There is nothing to install on Windows. Just download the zip file, and put the files somewhere on your computer where you’ll be able to find them again.
Step two: Create a project
Open the application and you’ll be asked to open a project. You’ll likely not have any, and you have to make a new project every time you want to work with a new data set, so move to “Create a project”.
Here you pick the files you want to work with. It can accept Excel, CSV, and a large number of other data sources.
On the next screen, you will see how the file is seen by OpenRefine. Down at the bottom, you can adjust any of the parameters but it usually does a good job of getting them correct out of the box. This guide is going to assume that you are just accepting the defaults.

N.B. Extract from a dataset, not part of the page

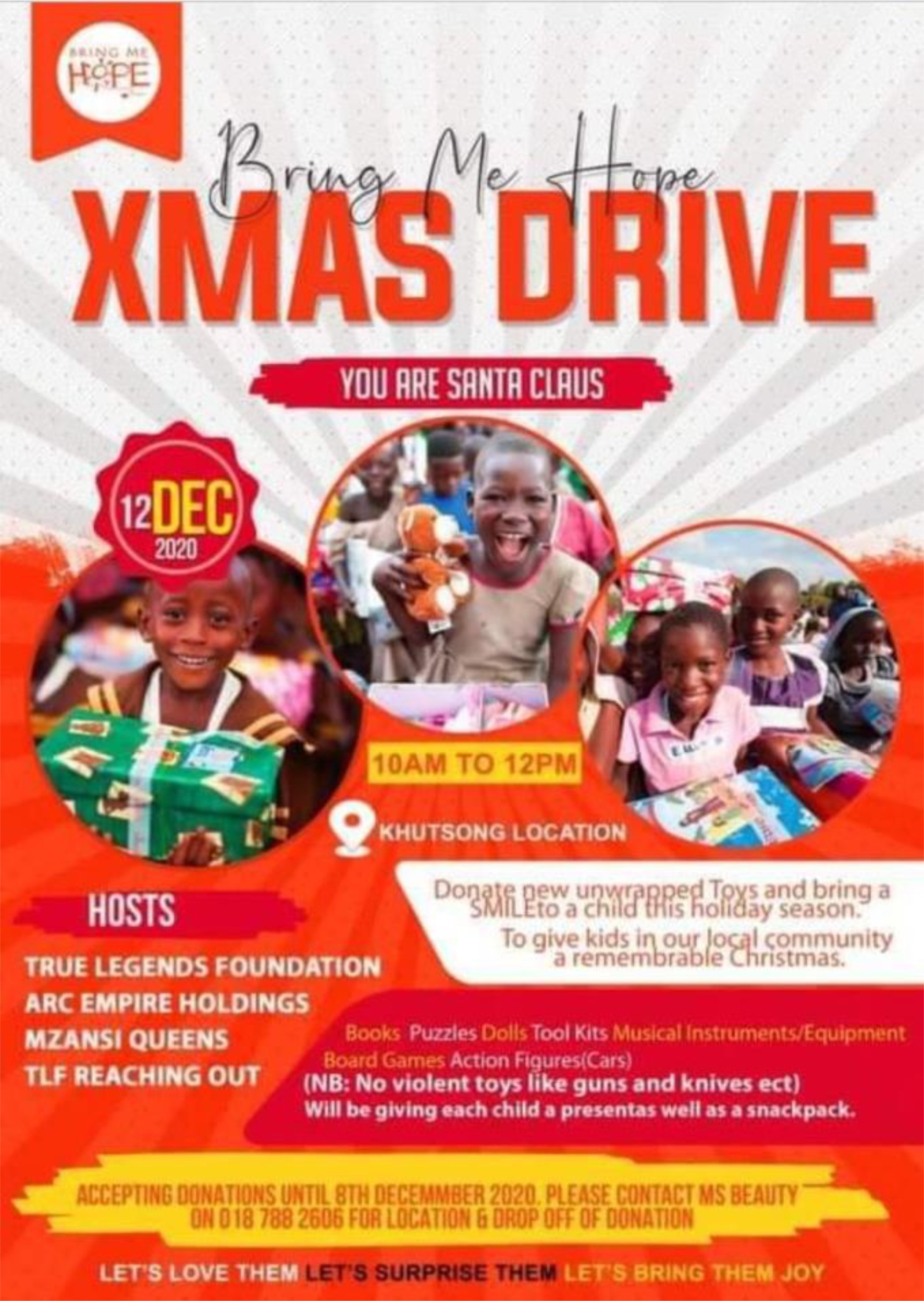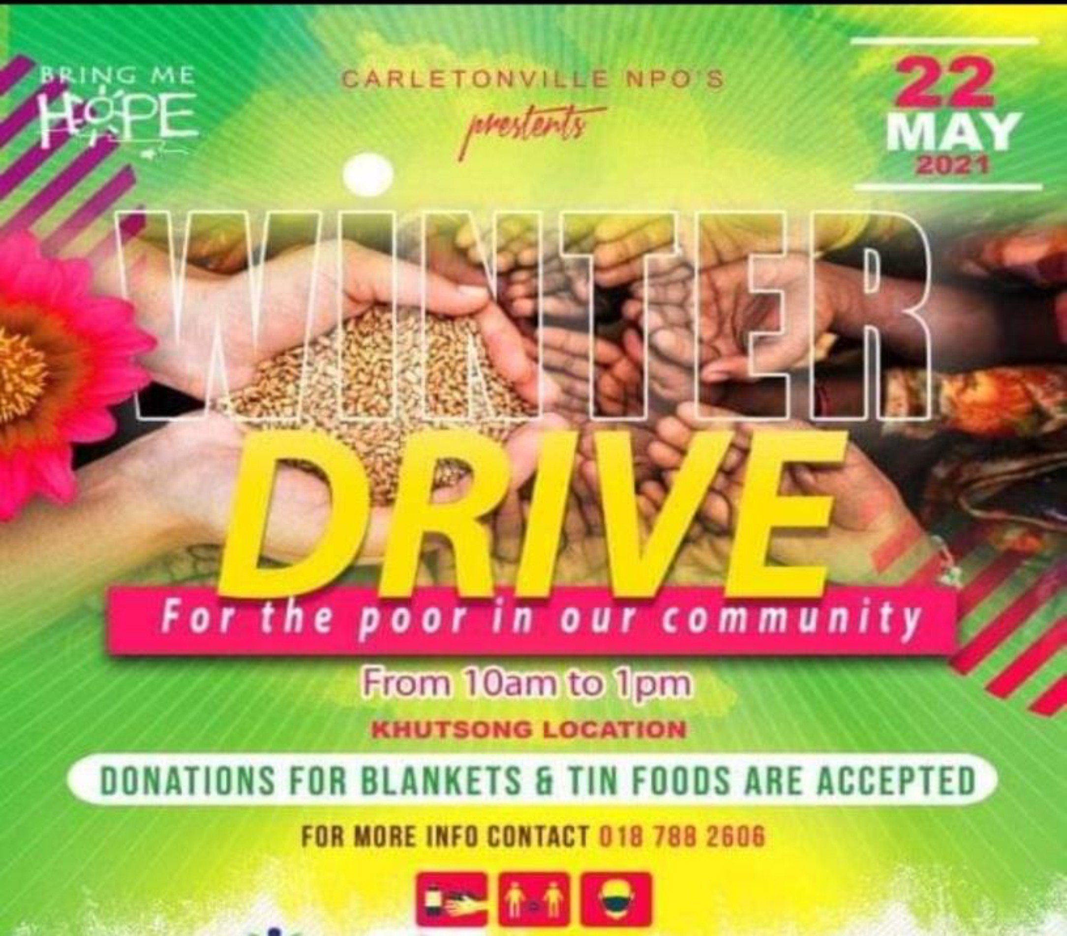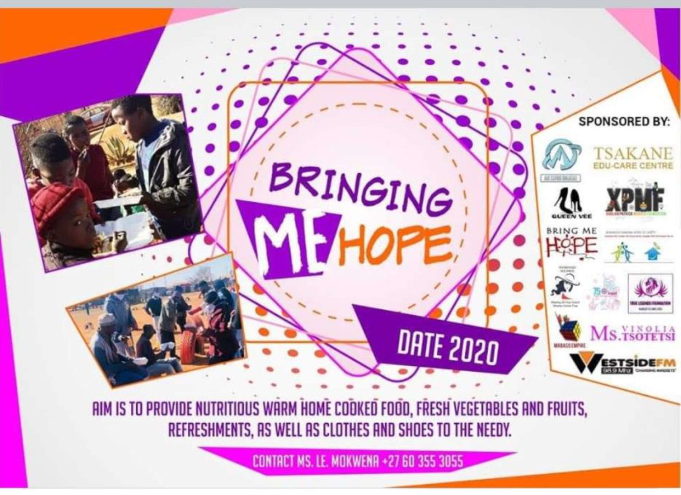 “BRINGING ME HOPE” 2020 WE RAISED AWARENESS OF COVID AS WELL AS COOKED NUTRITIONAL FOOD AND JUICE TO FEED THE SUFFERING INDIVIDUALS IN OUR COMMUNITY;CAR GUARDS;STREET KIDS;HOMELESS INDIVIDUALS AND THE NEEDY.ALL FUNDED BY US CONTRIBUTING OUR OWN MONEY WITH A GROUP OF ALMOST 20 INDIVIDUALS MONTHLY.

Put a name in the “Project name” dialog (upper right corner) and hit the “Create project” button.
Depending on the speed of your computer and the size of the file, you will move to a new screen that will display the number of rows in big print near the top and will display a sample of the data. The default is to show you 10 rows but you can up that to 50 rows if that’s helpful.
The above screen video is using sample data.
Step three: Fetch the Open North data
Now, find the column that has the postal code in it and click on the downward pointing arrow next to the column title.
You are looking for the “Edit Column” menu item, and want to select “Add column by fetching URLs” from the menu that slides out to the right.
This is where things can get complicated but I’ll give you the code so it works!
Firstly, I should say:
This operation sends your postal code data to the servers run by Open North. Open North is a Canadian non-profit which is mandated to make government data open to the public. They have an application interface, or API, which allows you to push a postal code and get a bunch of information about the layers of government in that place.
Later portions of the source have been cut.